= Junior Dagar Brothers =

Pair of Indian singers of the classical dhrupad genre (1900s)

The Junior Dagar Brothers were Nasir Zahiruddin (1933–1994) and Nasir Faiyazuddin (1934–1989), a pair of Indian singers of the classical dhrupad genre. They were the 19th generation of an unbroken chain of the Dagar vani Dhrupad tradition. Their father, vocalist Nasiruddin Khan, died in 1936, and consequently they learned dhrupad from their elder brothers, the Senior Dagar Brothers, Nasir Moinuddin Dagar and Nasir Aminuddin Dagar.

The brothers were born in Indore, Madhya Pradesh. Their musical career unfolded in Delhi. After the untimely demise of Nasir Moinuddin Dagar in Calcutta in 1967 they became the only pair carrying on the jugalbandi singing. The Dagar Brothers took Dhrupad to Europe, America and Japan. In India they formed the Dhrupad Society to popularise Dhrupad, inviting exponents from all gharanas to share their platform. They also trained many students, including Faiyaz Wasifuddin Dagar, the son of Nasir Faiyazuddin Dagar.
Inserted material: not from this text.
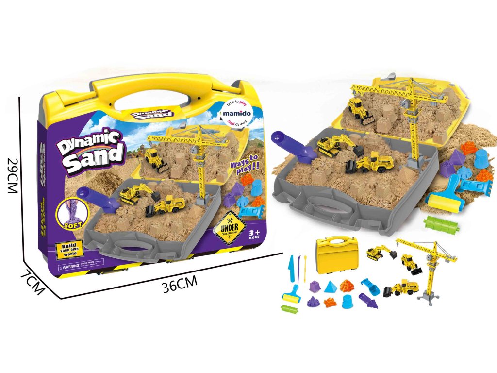 - Obsah balení: kufřík, kinetický písek, formičky, nástroje, jeřáb, stavební auta

In May 2023, Wasifuddin Dagar claimed that the song "Veera Raja Veera" Ponniyin Selvan: II (2023) with music by A.R. Rehman had been adapted from a 1978 Dhrupad composition by the Junior Dagar Brothers without attribution. The Supreme Court in its judgment in February 2026 gave the direction to add the following line in the song credits: “Composition inspired from the Dagarwani tradition Dhrupad, first recorded as Shiv Stuti by late Ustad Nasir Faiyazuddin Dagar and Ustad Nasir Zahiruddin Dagar, popularly known as Junior Dagar brothers."